Weird statement in my book about (measure theoretic) conditional expectation

  • #1
My book tries to illustrate the conditional expectation for a random variable [itex]X(\omega)[/itex] on a probability space [itex](\Omega,\mathscr F,P)[/itex] by asking me to consider the sigma-algebra [itex]\mathscr G = \{ \emptyset, \Omega \}[/itex], [itex]\mathscr G \subset \mathscr F[/itex]. It then argues that [itex]E[X|\mathscr G] = E[X][/itex] (I'm fine with that). But it claims this should make sense, since [itex]\mathscr G[/itex] "gives us no information." How is this supposed to make sense?
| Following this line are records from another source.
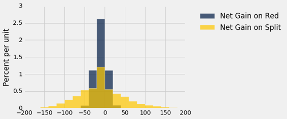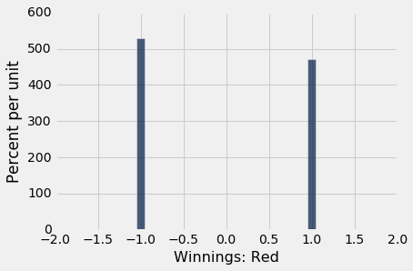 使用我们的几率长期行为的新知识,让我们探索赌博游戏。我们将模拟轮盘赌,它在拉斯维加斯和蒙特卡洛等赌场中受欢迎。
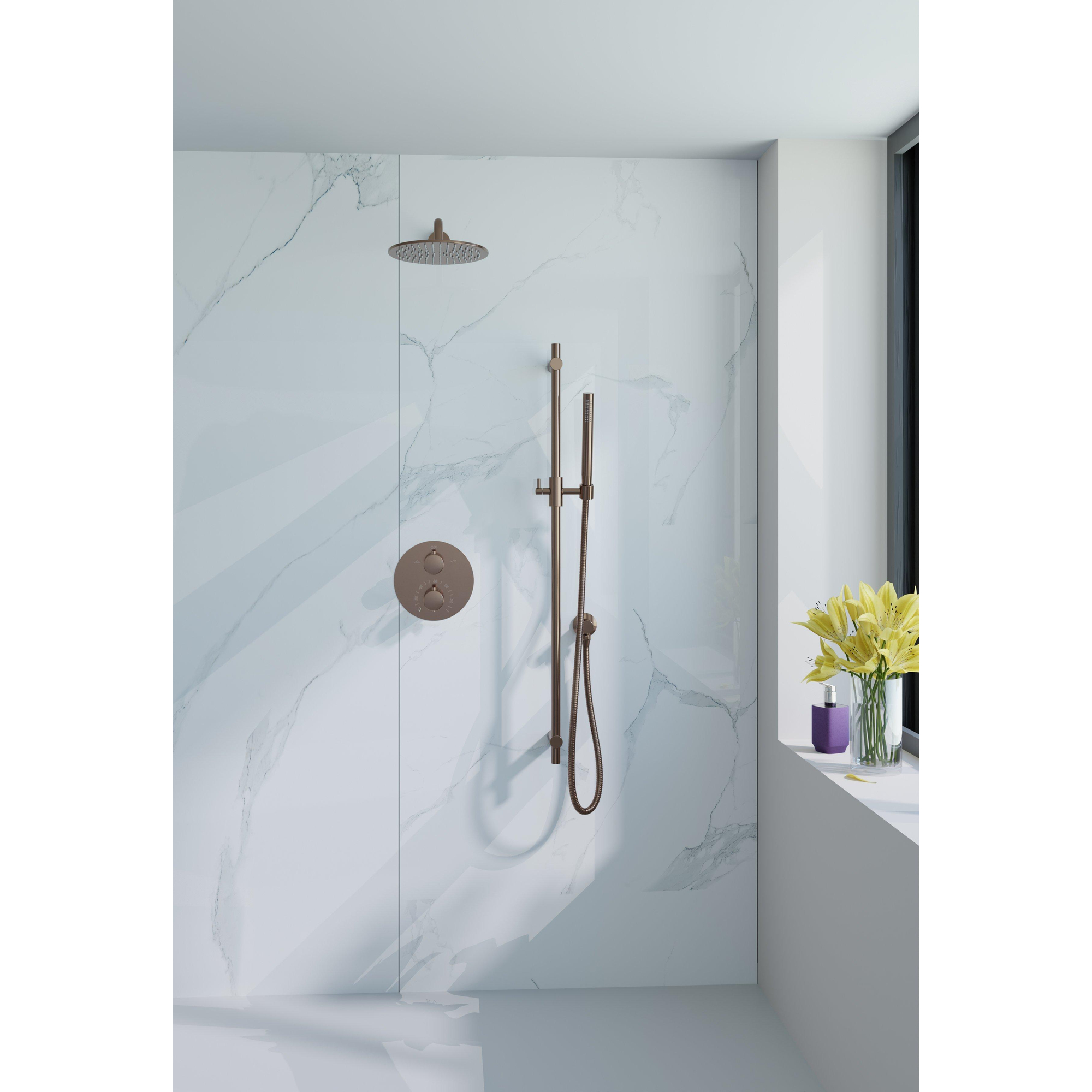 FugaFlow Eccelente Acces Ensemble de douche pluie encastré - rond - thermostatique - bras mural - barre coulissante - pomme de douche principale 25cm - douchette à main - Cuivre brossé PVD (Cuivre)
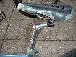 A bicycle seatpost,[1] seatpin,[2] saddlepole,[3] saddle pillar,[4] or saddle pin[5] is a tube that extends upwards from the bicycle frame to the saddle. The amount that it extends out of the frame can usually be adjusted, and there is usually a mark that indicates the minimum insertion (or maximum extension). Seatposts can be made of steel, aluminum, titanium, carbon fiber, or aluminum wrapped in carbon fiber.[6]
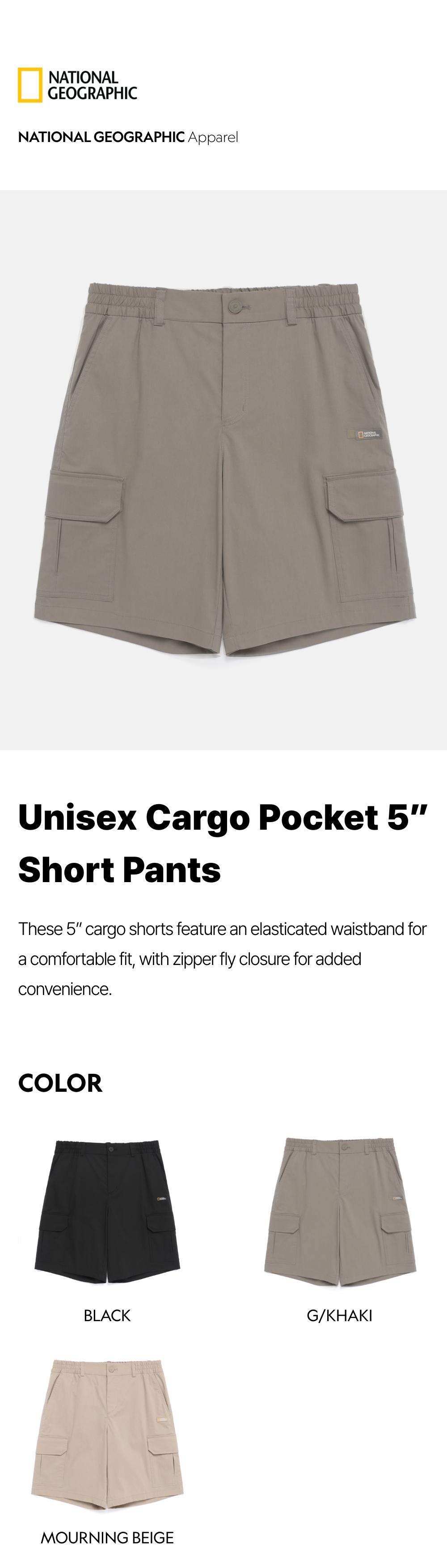 These 5" cargo shorts feature an elasticated waistband for a comfortable fit, with zipper fly closure for added convenience.
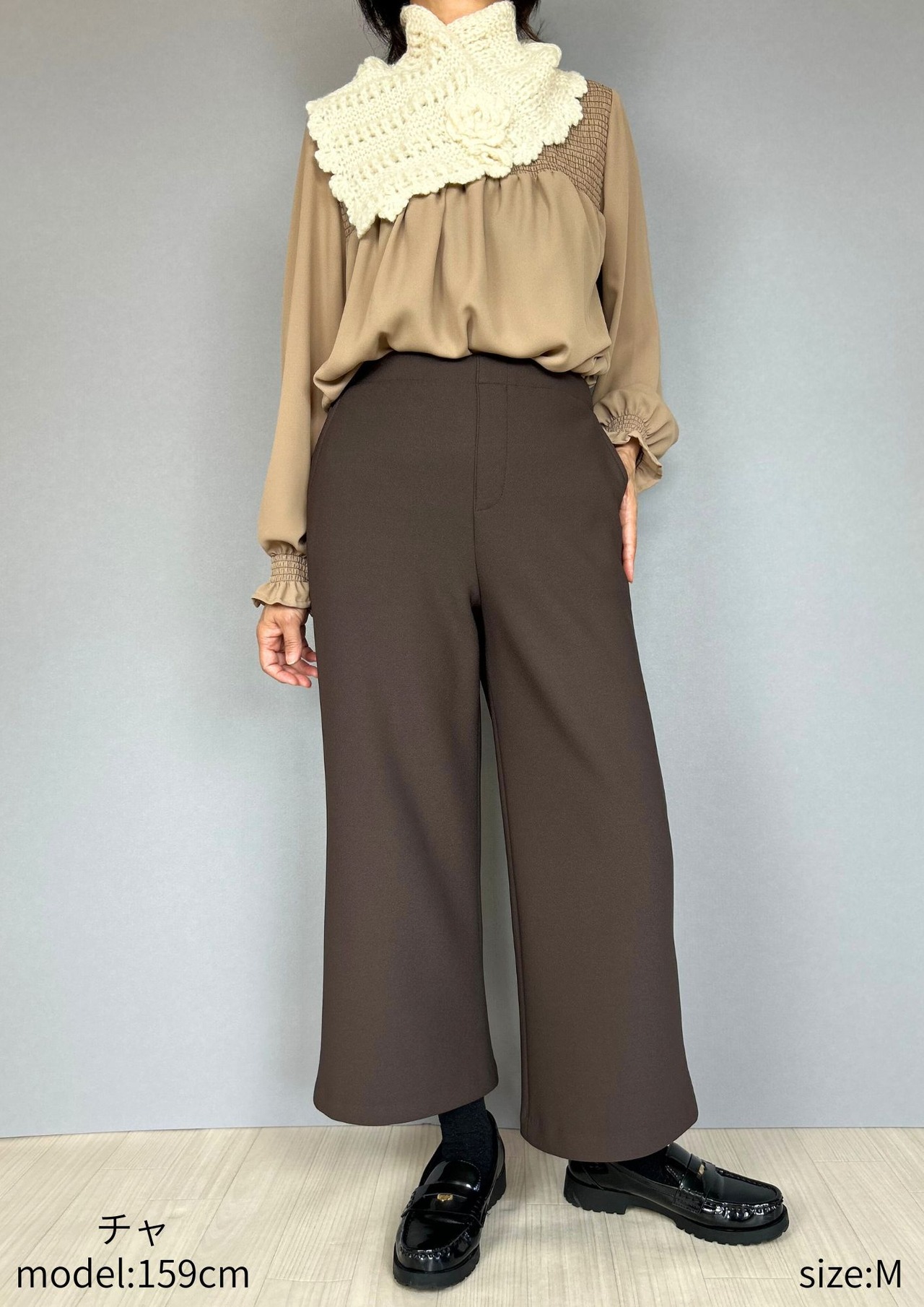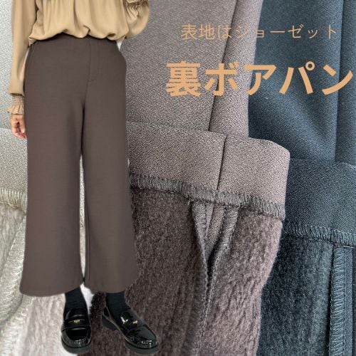 昨年好評いただきました裏ボアジョーゼット生地の8分丈パンツ。ブーツやスニーカーなどに
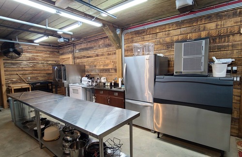 Inside the cabin, you will find the kitchenette on the main floor, complete with a microwave, coffee maker, crockpot, electric skillet, and more cooking appliances, along with a bathroom with a walk-in shower. For guests requiring a more comprehensive cooking experience, the caterer’s kitchen at The Stables is available to all overnight guests. The second level of the cabin is the living room/bedroom combo with a small balcony on the south side overlooking fields and a large balcony on the north side overlooking the lake. The overly large sofa pulls out to a king bed with a very comfortable mattress.
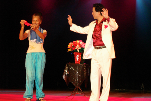 演出從活潑、歡快的空竹表演開(kāi)始。藝術(shù)小組小演員們嫻熟地抖動(dòng)、拋起空竹的動(dòng)作,使現(xiàn)場(chǎng)不時(shí)爆發(fā)出熱烈的掌聲和歡呼聲。魔術(shù)演員敏捷的變幻手法則讓學(xué)生們睜大了好奇的眼睛。接下來(lái)的鉆桶、轉(zhuǎn)盤(pán)子節(jié)目,小演員們以風(fēng)趣幽默的表演和頂上、手上技巧表現(xiàn)出熱鬧的生活場(chǎng)景,引來(lái)學(xué)生們陣陣歡笑。柔術(shù)則以柔美的肢體語(yǔ)言和行云流水般的輕盈舞姿,獲得觀眾不停的贊嘆聲。壓軸的川劇變臉、吐火表演又讓觀眾領(lǐng)略了中國(guó)傳統(tǒng)戲曲藝術(shù)的獨(dú)特魅力。
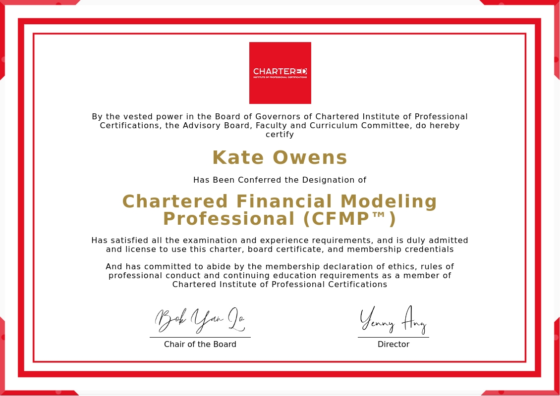 The certificate above verifies that Bok Yan Lo successfully satisfied all the exam and experience requirements and is duly admitted and licensed to use this Charter Chartered Financial Modeling Professional (CFMP™), board certificate.

In what regard does the sigma-algebra [itex]\mathscr G[/itex] give us "no information" about [itex]X[/itex]? I mean, if you know the values [itex]X[/itex] takes on [itex]\mathscr G[/itex], you know [itex]X(\omega)[/itex] everywhere, right?! So this obviously is the wrong interpretation (in fact, any sigma-algebra necessarily contains [itex]\Omega[/itex], so this interpretation would make conditional expectation useless) but I can't think of what the right one is...
 
Last edited:

Answers and Replies

  • #2
336
0
Think of a sigma algebra as 'containing information'.Since G is the trivial sigma algebra, it contains no intrinsic information & doesn't affect the expectation.
I must admit that this terminology is vague & nearly metaphorical. It's perfectly fine if you stash this terminology if it doesn't suit your intuition.
 
  • #3
I don't know how the book you're following sets it out.

But consider discrete random variables X,Z and the E(X|Z=z) for distinct z's and how the sigma algebra generated by Z partions Omega. So consider first the functions measurable wrt to the trivial sigma algebra. Then a richer sigma algebra, and you might get more of a feel for the idea of "information" in the sigma algebra.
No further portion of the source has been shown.